The nuclear deal with Iran is done. Words on paper. Tehran calls it a win. They might be right.
For weeks, the whispers in Whitehall were about 'managing expectations'. We were told this was a freeze, not a rollback. A pause, not a surrender. But reading the small print, it looks more like a climbdown.
Key concessions on enrichment. Sanctions relief unlocked quickly. Inspections? Yes, but less intrusive than originally demanded. The hawks in Washington are apoplectic. The Saudis? Furious. But here in London, the mood is more complicated. Relief, yes. But also a quiet dread.
The question now hangs over the commons: What was the past decade for? The military posturing. The crippling sanctions. The covert operations. The sabre-rattling over the Strait of Hormuz. Was it all to end here?
Backbenchers on the government side are restless. I hear the phone lines are hot. 'Appeasement' is the word being muttered in tearooms. The PM's office is pushing the line: 'Better this than war.' But that's the problem. The argument against war was never that it would be bad. It was that there was a better deal to be had. Now, this looks like the best we could do.
The optics matter. Tehran's state TV is crowing. Their foreign minister is holding press conferences in a tailored suit, talking about a 'victory for diplomacy'. Our people? They're doing damage limitation, insisting this keeps Iran from a bomb for a decade. A decade. Then what?
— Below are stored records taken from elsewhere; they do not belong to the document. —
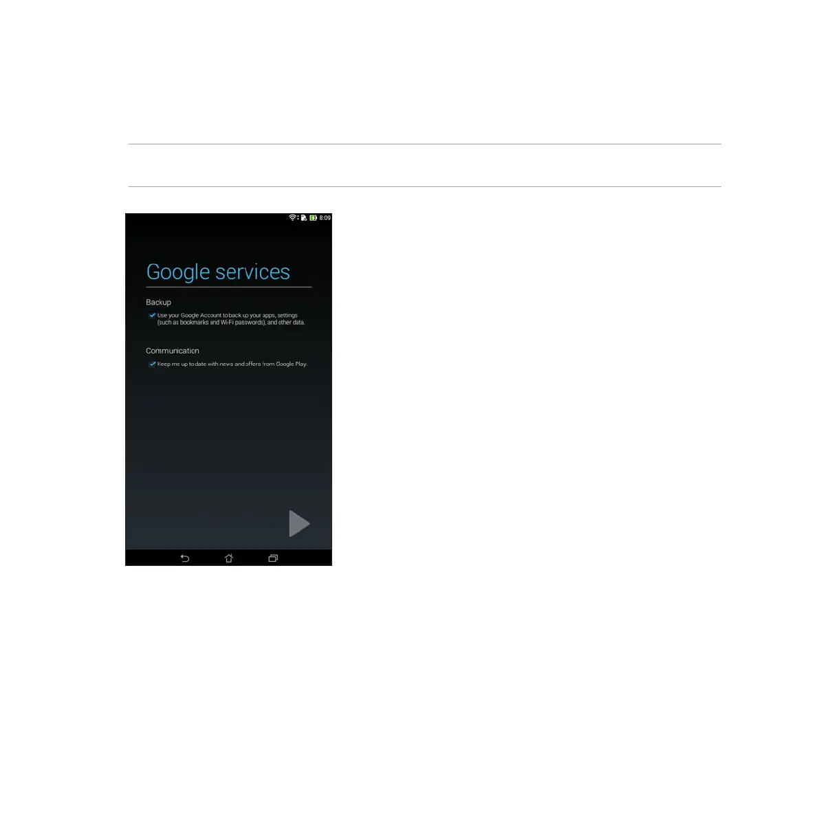 3. Use your Google account to backup and restore your settings and data. Tap [right arrow icon] to sign in to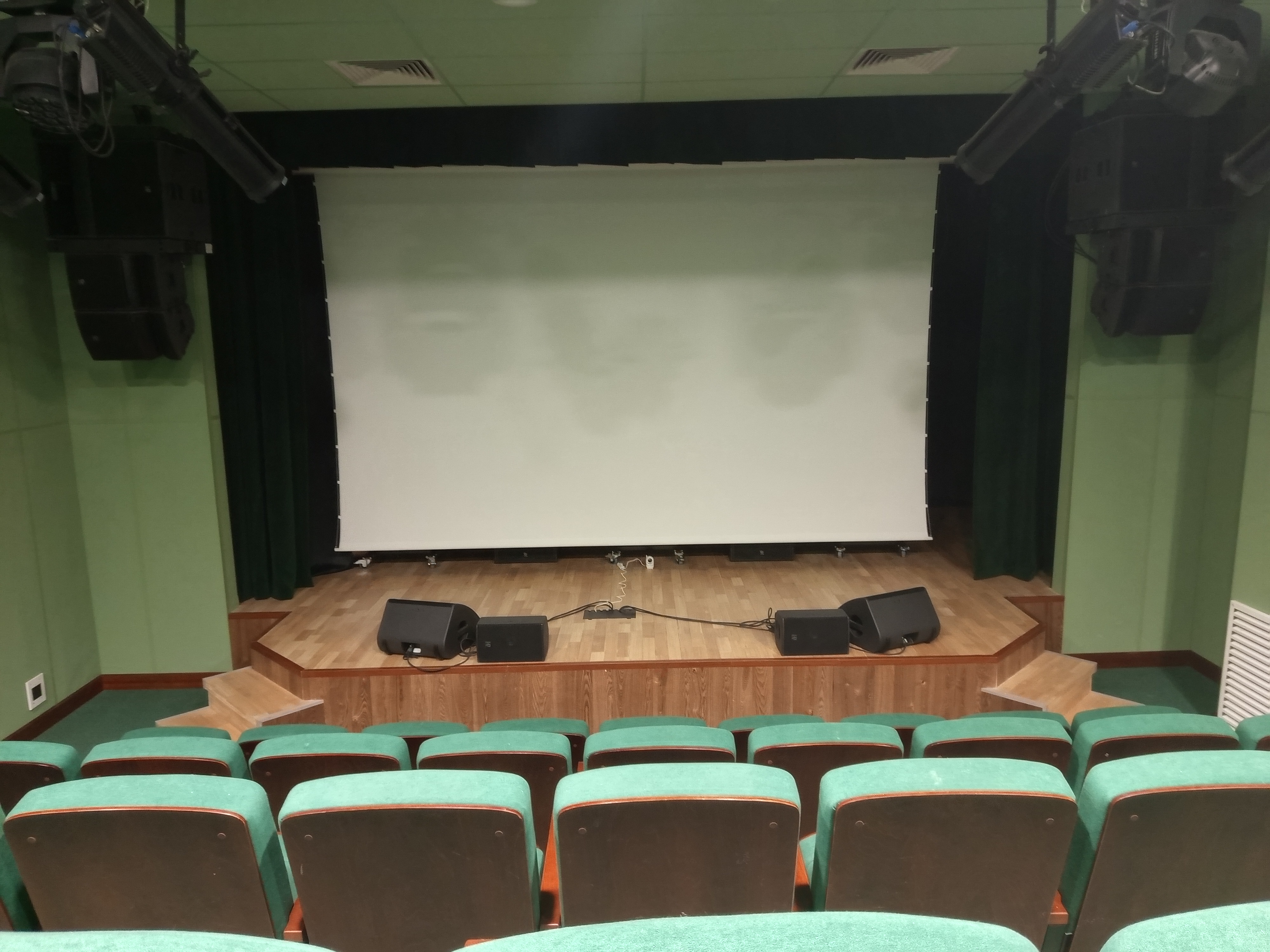 >>4136402 Зеленогорск, пригород СПб. Дом культуры на берегу Залива построили и крутят там кино. Родина Вицина, между прочим. Памятник в образе Бальзаминова тут же рядом с кинотеатром стоит. Это малый зал. Есть и большой на 300 мест. В большом звук лучше. И там сцена есть, где спектакли с концертами гастролируют. То есть, это не только кинотеатр.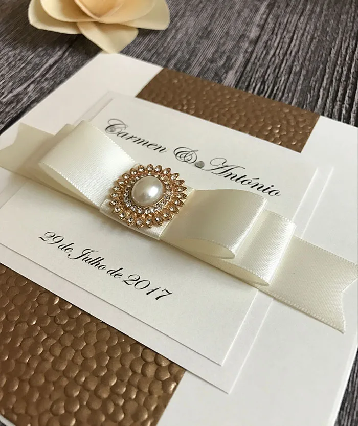 Fuer ihre romantische hochzeit in gold weiss haben wir diese edle hochzeitseinladung gestaltet.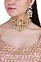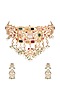 Featuring a yellow rhodium plated navratna choker neckalce with pearls, set in mixed metal. It is paired with matching pair of earrings.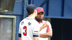 [OSEN=잠실, 정송이 기자] 22일 오후 서울 잠실야구장에서 '2014 한국야쿠르트 세븐 프로야구' KIA 타이거즈와 두산 베어스의 경기에 앞서 두산 칸투와 KIA 어센시오가 이야기를 나누고 있다. KIA는 임준섭을 선발로 내세운다. 반면

Polling will be interesting. The public is war-weary. They don't want another middle eastern adventure. This deal might sell as 'peace in our time'. But the chattering classes know the difference between a truce and a settlement.
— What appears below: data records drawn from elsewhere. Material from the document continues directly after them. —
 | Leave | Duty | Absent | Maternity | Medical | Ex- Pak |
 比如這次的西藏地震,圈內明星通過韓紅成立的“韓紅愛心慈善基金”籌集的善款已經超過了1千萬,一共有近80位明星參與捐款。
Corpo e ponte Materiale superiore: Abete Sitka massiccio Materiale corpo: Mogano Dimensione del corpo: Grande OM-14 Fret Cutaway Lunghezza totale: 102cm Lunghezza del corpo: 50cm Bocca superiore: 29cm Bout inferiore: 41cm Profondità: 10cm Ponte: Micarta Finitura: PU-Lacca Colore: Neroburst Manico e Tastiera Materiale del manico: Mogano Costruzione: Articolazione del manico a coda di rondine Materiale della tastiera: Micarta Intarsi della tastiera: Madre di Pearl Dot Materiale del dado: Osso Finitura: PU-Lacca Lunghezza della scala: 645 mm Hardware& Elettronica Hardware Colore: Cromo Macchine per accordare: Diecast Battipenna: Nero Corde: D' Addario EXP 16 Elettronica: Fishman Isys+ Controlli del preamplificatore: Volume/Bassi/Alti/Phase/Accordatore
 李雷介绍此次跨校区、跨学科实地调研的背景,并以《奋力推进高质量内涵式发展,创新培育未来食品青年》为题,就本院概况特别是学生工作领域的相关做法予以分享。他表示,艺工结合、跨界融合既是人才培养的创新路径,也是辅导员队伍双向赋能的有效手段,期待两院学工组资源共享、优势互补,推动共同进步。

The real game now is in the backrooms. The Israeli ambassador has been making the rounds. The Gulf states are sending emissaries. Everyone is hedging. Because if Tehran sees this as a win, the next round of negotiations will be on their terms.
The PM's aides are briefing that this strengthens moderates in Iran. Maybe. But it also strengthens the narrative that pressure doesn't work. That waiting out the West is a strategy.
For now, the champagne corks may pop in Geneva. But in Westminster, they're checking the expiry date. This deal smells like a holding pattern. The question is: holding for what?